All of the entries must be reproduced exactly, with no images carried over.

[[ Source data open ]]

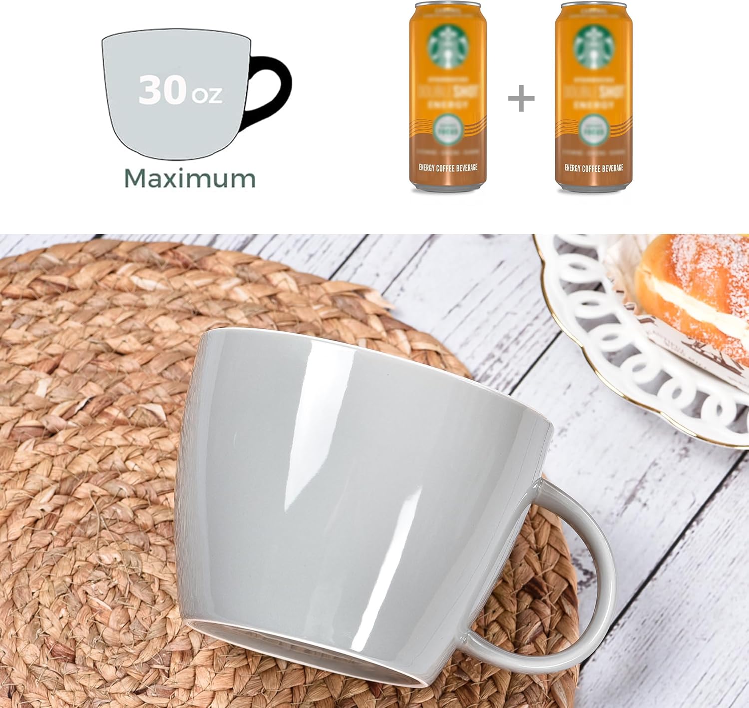 30 Ounce Jumbo Ceramic Coffee Mug for Soup Coffee and Tea - White
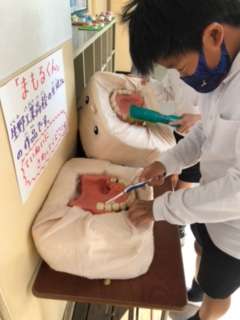 6才臼歯がはえた「まもるくん」の歯をみがいてくれています。
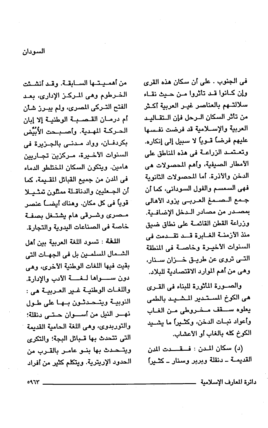 فى الجنوب. على أن سكان هذه القرى وإن كانوا قد تأثروا من حيث نقاء سلالتهم بالعناصر غير العربية أكثر من تأثر السكان الرحل فإن التقاليد العربية والإسلامية قد فرضت نفسها عليهم فرضًا قويًا لا سبيل إلى إنكاره. وتعتمد الزراعة فى هذه المناطق على الأمطار الصيفية، وأهم المحصولات هى الدخن والأذرة. أما المحصولات الثانوية فهى السمسم والفول السودانى، كما أن جمع الصمغ العربى يزود الأهالى بمصدر من مصادر الدخل الإضافية. وزراعة القطن القائمة على نطاق ضيق منذ الأزمنة الغابرة قد تقدمت فى السنوات الأخيرة وخاصة فى المنطقة التى تروى عن طريق خزان سنار، وهى من أهم الموارد الإقتصادية للبلاد.
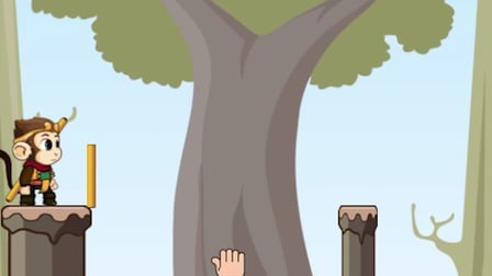 ¿Qué pasa si el palo es demasiado corto o demasiado largo? Si el palo no alcanza la siguiente columna o es demasiado largo, el mono caerá y tendrás que empezar de nuevo.
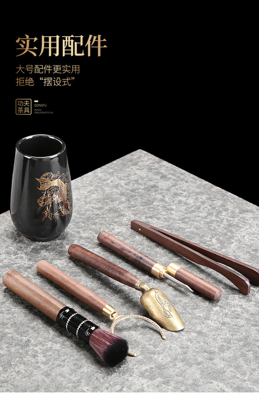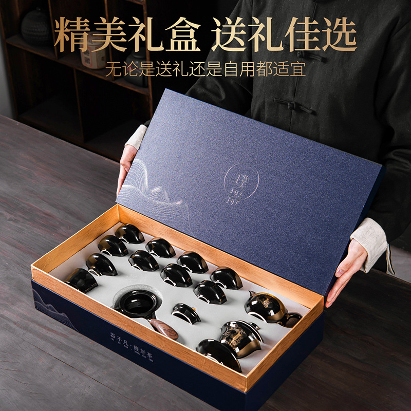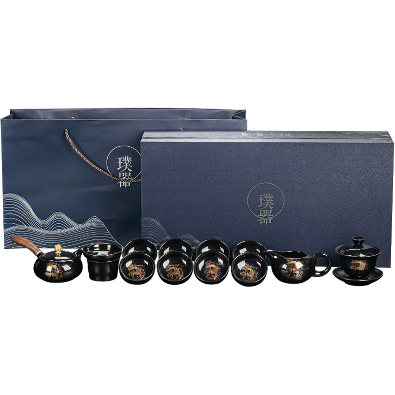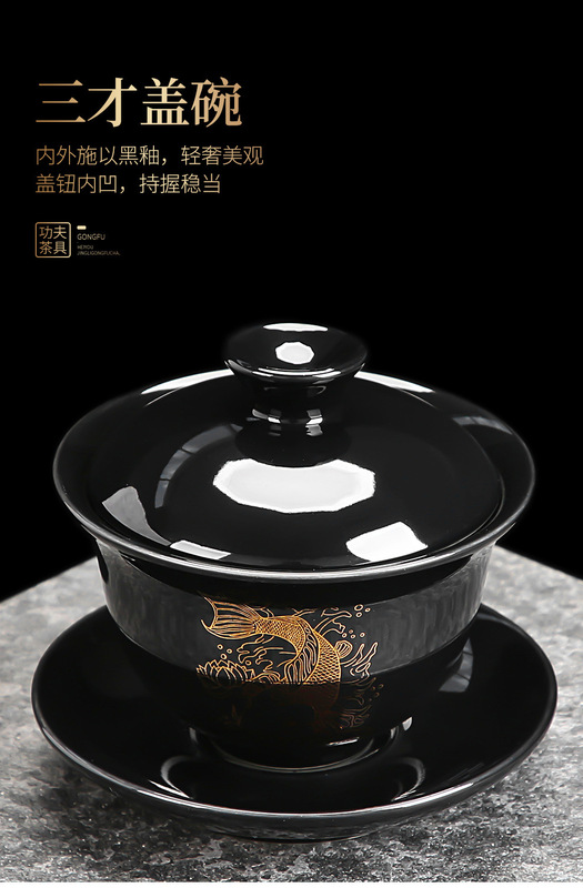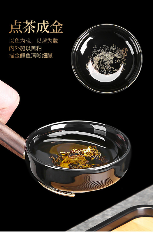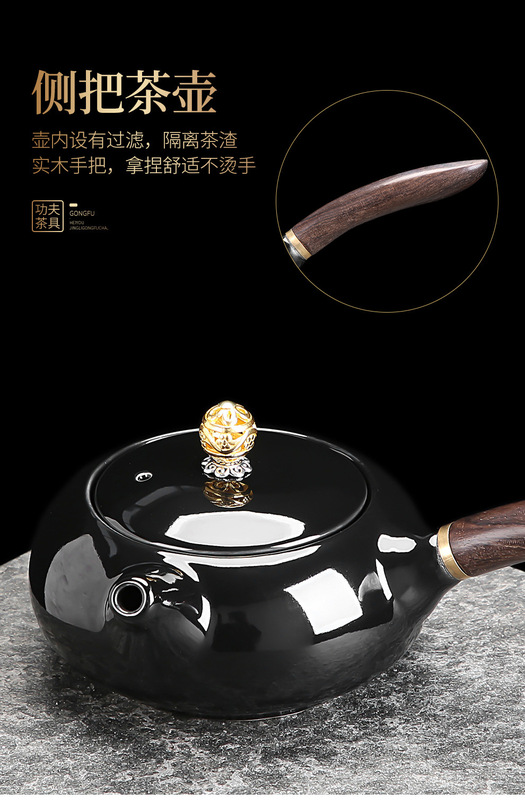 - Specification: ZH-7731 Black Glaze Koi Side Handle Teapot 8-cup with Cover Tea Ceremony Tea Canister Tea Scoop 15-piece Set - Chinese Porcelain Empty Gift Box - Large
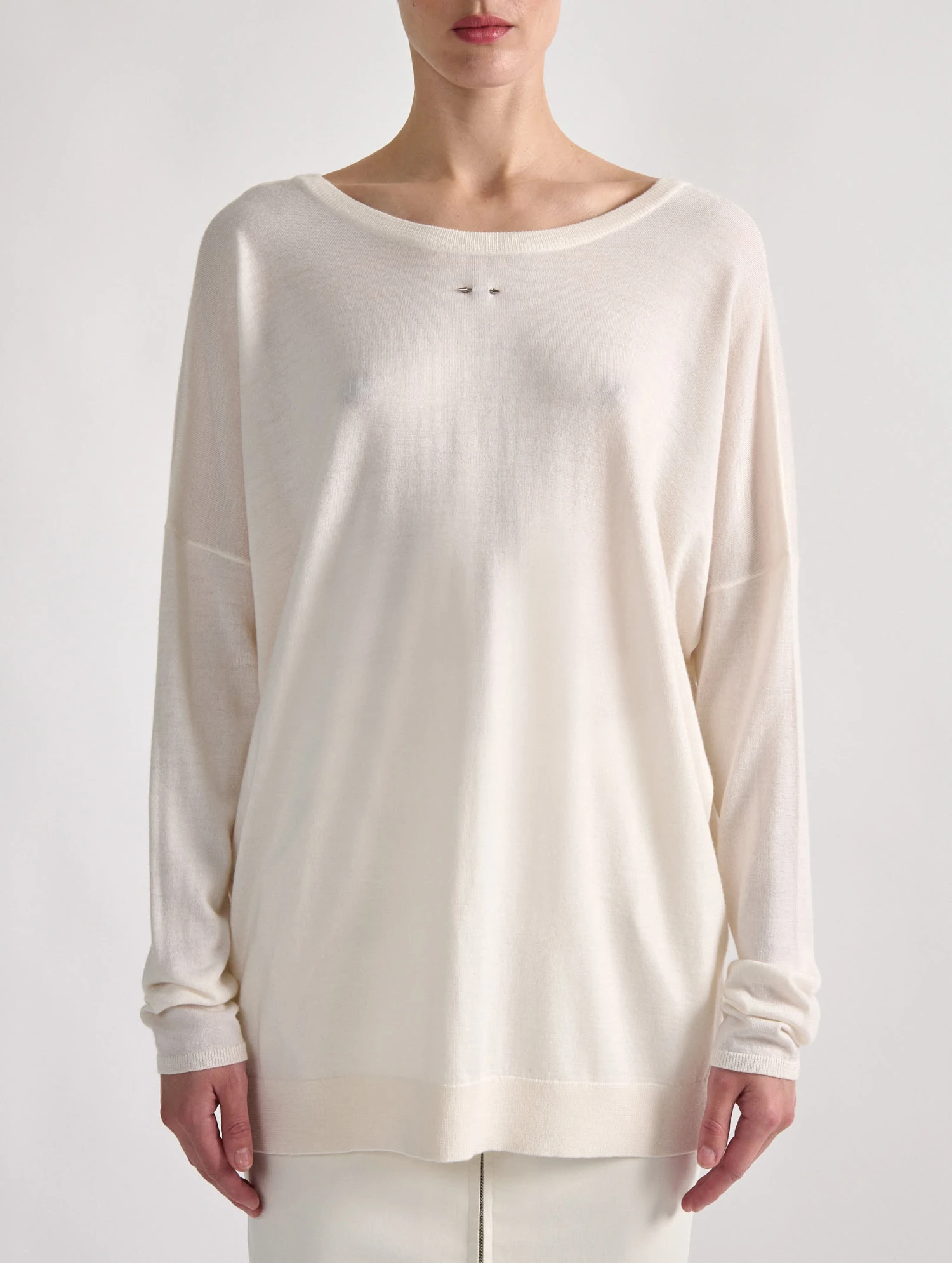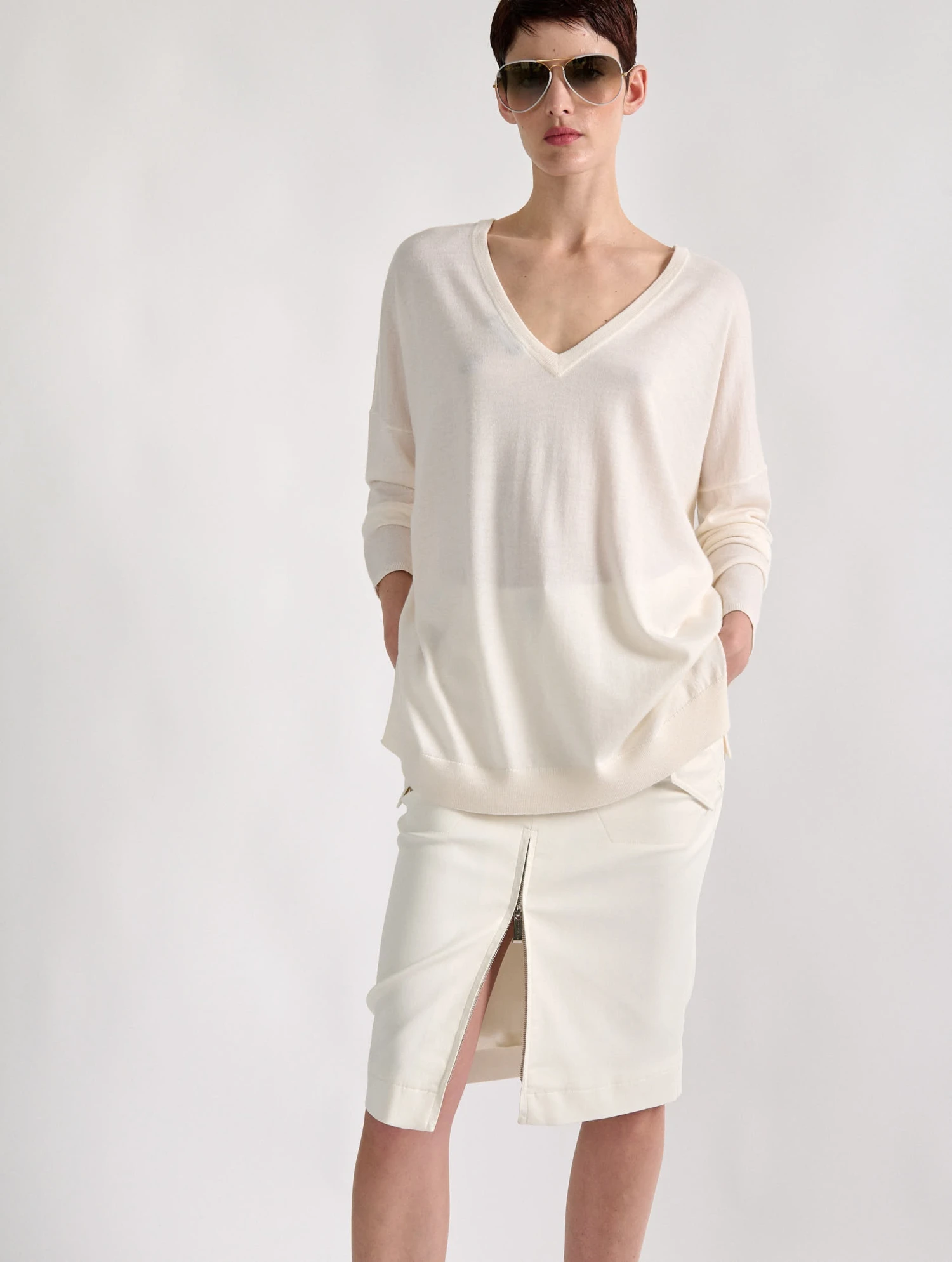 D’apparence classique, ce pull féminin en maille légère en laine et soie s’avère une pièce versatile et ludique pouvant être portée de multiples manières. Son encolure ronde offre un porter classique ou légèrement asymétrique, dévoilant alors dans le dos un élégant décolleté en V, à moins que vous ne préfériez le porter de manière inversée. Avec sa coupe légèrement oversized, son emmanchure basse et ses fentes de chaque côté, ce pull en maille ivoire ne vous quittera plus.

[[ Source data closed ]]

Task output →
 30 Ounce Jumbo Ceramic Coffee Mug for Soup Coffee and Tea - White
 6才臼歯がはえた「まもるくん」の歯をみがいてくれています。
 فى الجنوب. على أن سكان هذه القرى وإن كانوا قد تأثروا من حيث نقاء سلالتهم بالعناصر غير العربية أكثر من تأثر السكان الرحل فإن التقاليد العربية والإسلامية قد فرضت نفسها عليهم فرضًا قويًا لا سبيل إلى إنكاره. وتعتمد الزراعة فى هذه المناطق على الأمطار الصيفية، وأهم المحصولات هى الدخن والأذرة. أما المحصولات الثانوية فهى السمسم والفول السودانى، كما أن جمع الصمغ العربى يزود الأهالى بمصدر من مصادر الدخل الإضافية. وزراعة القطن القائمة على نطاق ضيق منذ الأزمنة الغابرة قد تقدمت فى السنوات الأخيرة وخاصة فى المنطقة التى تروى عن طريق خزان سنار، وهى من أهم الموارد الإقتصادية للبلاد.
 ¿Qué pasa si el palo es demasiado corto o demasiado largo? Si el palo no alcanza la siguiente columna o es demasiado largo, el mono caerá y tendrás que empezar de nuevo.
 - Specification: ZH-7731 Black Glaze Koi Side Handle Teapot 8-cup with Cover Tea Ceremony Tea Canister Tea Scoop 15-piece Set - Chinese Porcelain Empty Gift Box - Large
 D’apparence classique, ce pull féminin en maille légère en laine et soie s’avère une pièce versatile et ludique pouvant être portée de multiples manières. Son encolure ronde offre un porter classique ou légèrement asymétrique, dévoilant alors dans le dos un élégant décolleté en V, à moins que vous ne préfériez le porter de manière inversée. Avec sa coupe légèrement oversized, son emmanchure basse et ses fentes de chaque côté, ce pull en maille ivoire ne vous quittera plus.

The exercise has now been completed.